Pederson had a leadoff home run overturned upon replay review Wednesday night before Muncy picked him up, smashing a shot to the right-field bleachers for a quick 2-0 lead against Stephen Strasburg and the Nationals at Dodger Stadium.
The advantage grew to 3-0 in the second inning when Enrique Hernández, after robbing Soto of a hit with a diving catch in the top of the frame, hit another Dodgers homer off Strasburg.
But it wasn’t enough for the Dodgers, who were limited to two hits in the final eight innings of a 10-inning, 7-3 loss to the Nationals that sent Washington on to the NL Championship Series.
Clayton Kershaw said he deserved the blame after losing the lead in the eighth inning on back-to-back home runs for Anthony Rendon and Juan Soto. Dodgers hitters called that an unfair assessment.
“We had a lot of opportunities to add onto that lead after the second,” Hernandez said. “At the end of the day, if we would have scored one more run we might have won that game. For Kersh to say [it’s his fault], that’s the man that he is. But it’s on everybody. We all lost. We got beat.”
“Sometimes in baseball, things aren’t meant to be,” Muncy said. “Tonight kind of feels like that. Hats off to them. They made good swings when it counted.”
The homer was Muncy’s third of the series and gave him five hits in his first 15 NLDS at-bats (he finished 5-for-19). The long ball came against a pitcher who had given Muncy plenty of trouble. He was 0-for-12 lifetime against Strasburg in his career, in 15 plate appearances (including the playoffs). Those was his most hitless plate appearances against any pitcher entering the night.

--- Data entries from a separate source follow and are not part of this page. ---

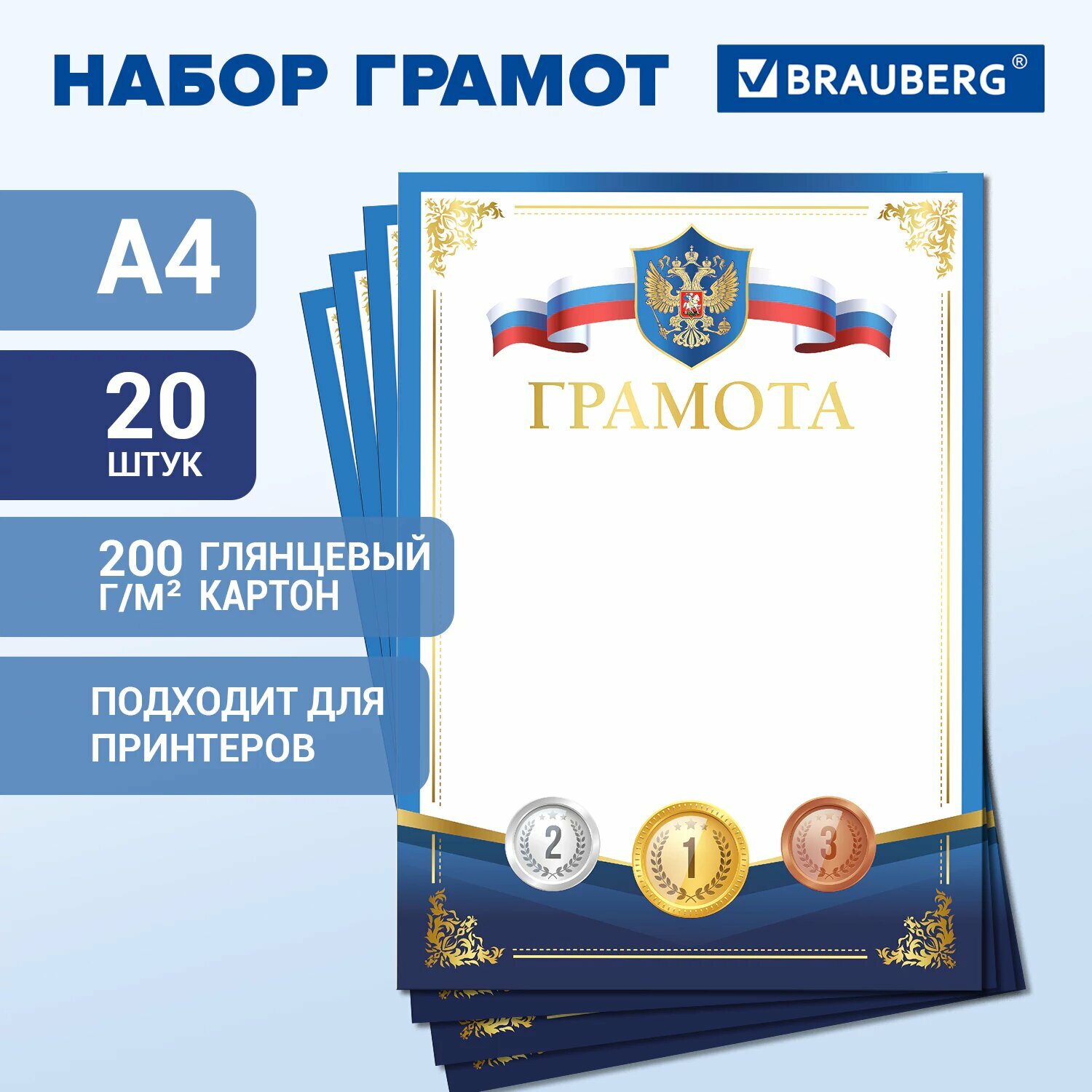 Грамота школьная похвальная, диплом для взрослых и детей А4, мелованный картон, набор 20 шт, Brauberg, 117544 212 ₽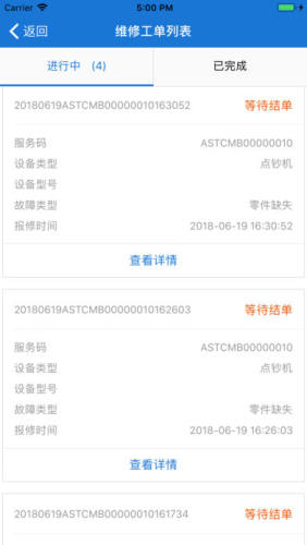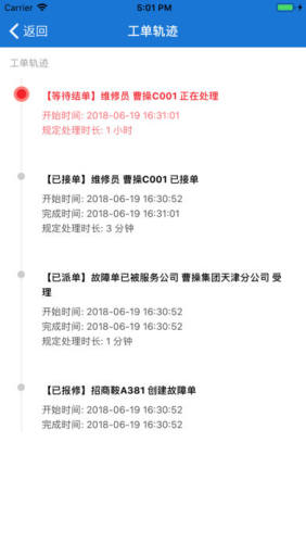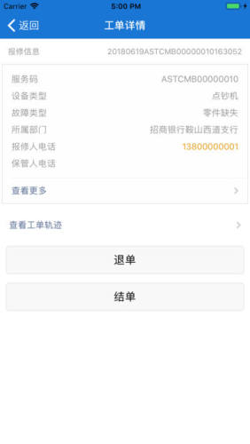 设备维修人员可以方便地通过App进行接单、派单等操作,在维修结束之后可以使用App的结单功能直接填写详细的维修说明。同时,不论是维修人员或管理人员都可以通过App实时对工单状态进行查看,追踪工单动向。
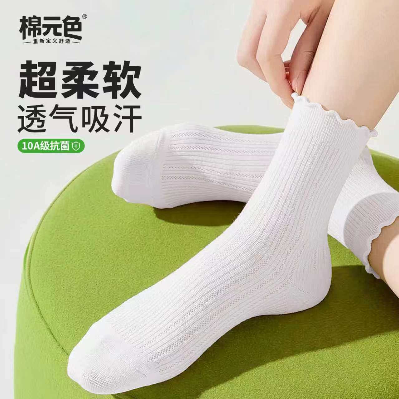 棉元色纯棉短袜春夏薄款10A抗菌透气吸汗排湿短筒袜消臭不臭脚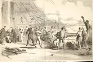 This is an original 1861 black and white in-text wood engraving of a sketch by A. Waud of the deck of the USS Pawnee, a sloop-of-war during the American Civil War.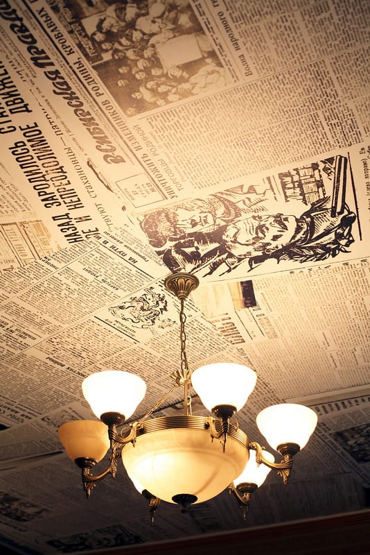 – Многое здесь определялось самой геометрией: получилось, что в кабинете две стеклянные стены. Так что специфический вид кабинета в определённой степени продиктован архитектурой. Хотя я не очень люблю открытые пространства, но этот вариант получился симпатичным. Если честно, я обожаю двери закрывать, а моя жена – ровно наоборот. Так мы и живём – с открытыми, естественно, дверями. Но на работе дверь рабочего кабинета обычно прикрыта – это для меня создаёт ощущение уюта. Из дизайнерских изысков всем уже давно известен этот потолок, стилизованный под страницы газет. Его для меня сделали дизайнер Ольга Завражина и наш фоторепортёр Николай Михайлович Бриль. На Сухэ-Батора у меня была комната отдыха. Когда я начал здесь планировать место главного редактора, понял, что в ту комнату я заходил раз в три месяца. Поэтому, как вы видите, никакой комнаты отдыха здесь уже нет.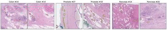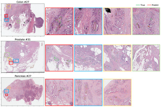 Examples of PNI predictions for different cancer types are shown in Figure 8. The lines colored in green are annotations made by pathologists, and the lines colored in red are the prediction results from our method that achieved the best F1-score. Overlap of the green and red lines indicates that the PNI was found correctly (matched ground truth; TP). The presence of only a green line indicates that the PNI was not found (unmatched ground truth; FN), and the presence of only a red line indicates that the PNI was predicted incorrectly (unmatched prediction; FP). We also identified different morphologies of tumor cells in different organs. These F1-scores may appear underwhelming in comparison to those for other detection tasks. However, given the difficulty of the PNI detection task, our result is comparable to that of ranked teams in the 2021 competition [20], even using only PNI annotations.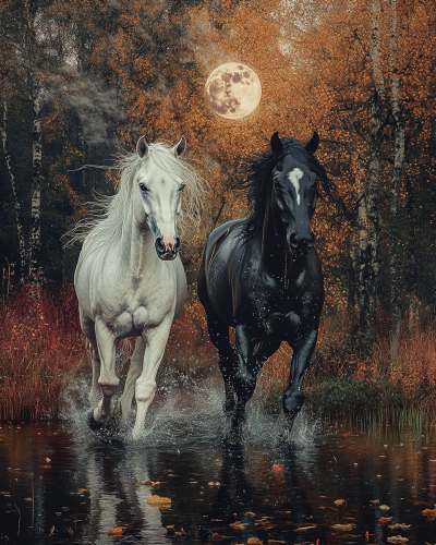 create a mysterious and beautiful night, two horses, one black and one white, in Renaissance style, are galloping freely and lively , captured in dramatic, painterly light with meticulous detail into a haunting elegance, reflections of the moon and the starry sky shredding light to the surrounding beautiful Nordic nature in warm autumn colors, a full body portrait inspired by Man Ray's visionary photography, the reflection is amazing beautiful, --ar 4:5 --s 500 --p teqj53c

It came as part of a loud start against Strasburg, who entered Game 5 with the best postseason ERA of all time. Pederson hit Strasburg’s third pitch to deep left field, and it was initially ruled a home run. But upon review, the baseball actually sailed through an opening in the outfield fence and into the Dodgers' bullpen, so Pederson was sent back to second base with a double.
Five pitches later, Muncy brought Pederson home again.
“It was kind of a weird thing. I’ve never seen a ball do that, go between the pad,” Muncy said. “The biggest thing he was on second with nobody out and we had a chance to score early in the game.”